Published: 9 Apr 2026, 12:00 AM IST (2 days ago)
Last Updated: 9 Apr 2026, 04:22 PM IST (1 day ago)
8 min read

India's IPO market often moves in cycles. At one point, you see consumer tech companies dominate headlines. At another, it is manufacturing and infrastructure businesses quietly stepping in. Om Power Transmission sits in the latter category. It is not flashy, it is not a brand you interact with daily, but it operates in a space that quietly powers economic growth.

And that is exactly why this IPO deserves a closer look. Because in EPC businesses, what you see on the surface is rarely the full story.

IPO Snapshot

Let's start with the basics.

  • IPO dates: 9 April 2026 to 13 April 2026
  • Listing date: 17 April 2026 (BSE and NSE)
  • Price band: ₹166 to ₹175 per share
  • Lot size: 85 shares
  • Minimum investment: ₹14,875
  • Total issue size: ₹150.06 crore

Issue structure:

  • Fresh issue: ₹132.56 crore
  • Offer for sale: ₹17.50 crore

A higher fresh issue component usually signals that the company is raising capital to grow, not just offering an exit to early investors. That is a positive starting point, but it is only one piece of the puzzle.

Timeline You Should Keep in Mind

Event Date
Issue opens 9 April 2026
Issue closes 13 April 2026
UPI mandate deadline 13 April 2026, 5 PM
Basis of allotment 15 April 2026
Refunds and share credit 16 April 2026
Listing on BSE & NSE 17 April 2026

Anchor investors have staggered lock-ins, with 50% unlocking in May and the remaining in July. This can sometimes influence post-listing supply dynamics.

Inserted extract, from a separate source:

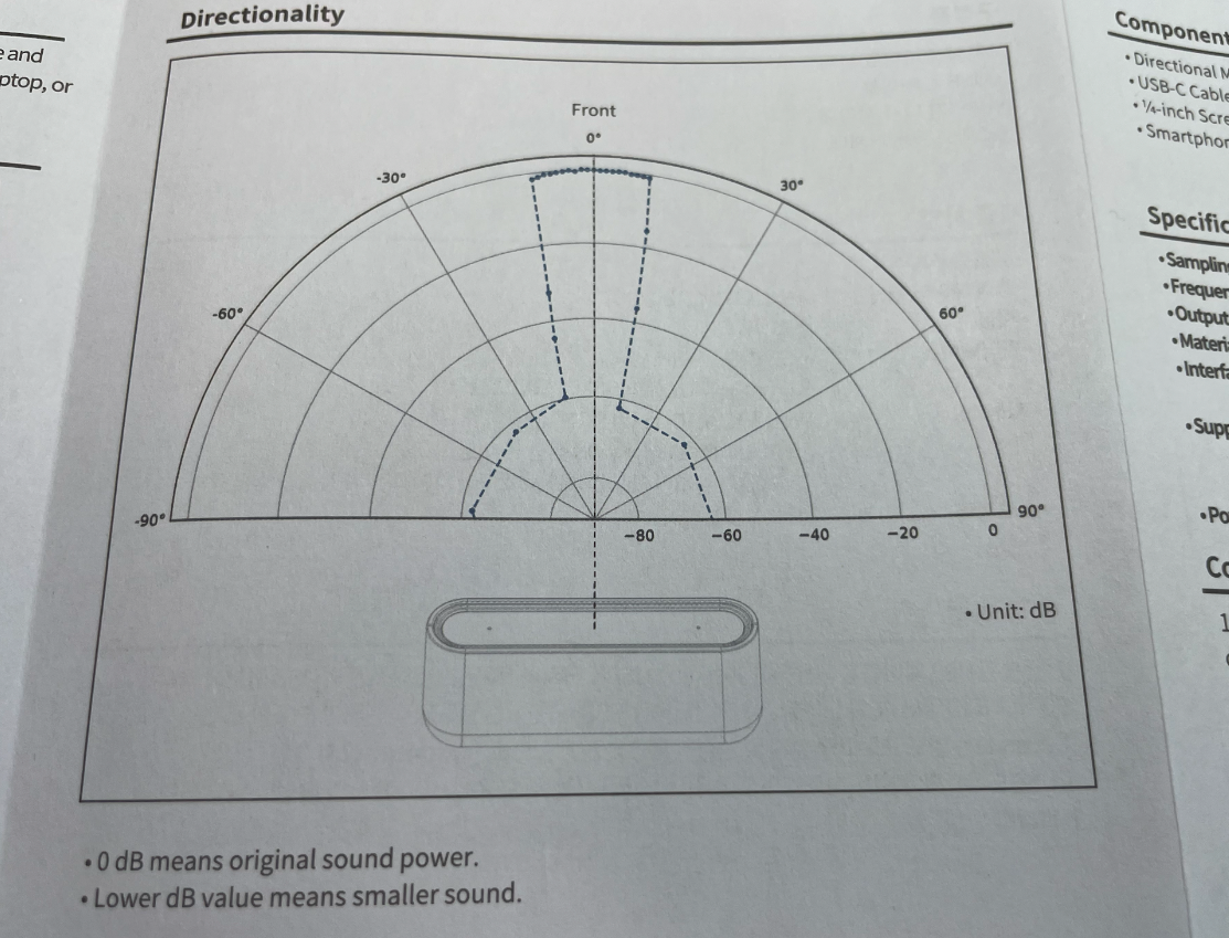 사실 이 제품은 저 그림으로 모든것을 설명합니다. 아름답지 않나요? 저기서 0dB는 소리를 그대로 전달한다는 겁니다. 번역하면 "저 제품은 정면에 있는 소리만 전달"한다는 거죠. 와우~

Understanding the Business Beyond the Jargon

Om Power Transmission operates as an EPC player in the power transmission and distribution ecosystem.

EPC is a term that gets thrown around often, but what does it really mean here?

The company essentially handles the entire lifecycle of power infrastructure projects:

  • Designing transmission systems
  • Procuring materials
  • Constructing lines and substations
  • Testing and commissioning
  • Maintaining assets over time

This end-to-end positioning is important. It allows the company to capture value across multiple stages instead of being limited to just execution.

Where does it operate:

  • High voltage and extra high voltage transmission lines
  • Substations
  • Underground cabling
  • Operation and maintenance services

These are not optional parts of the power ecosystem. As renewable energy capacity grows, the need for transmission infrastructure grows even faster. Solar plants in remote areas are only useful if the electricity can reach cities. That is where companies like Om Power Transmission come in.

The Bigger Picture: Why This Sector Matters

India's power demand is not just growing, it is evolving.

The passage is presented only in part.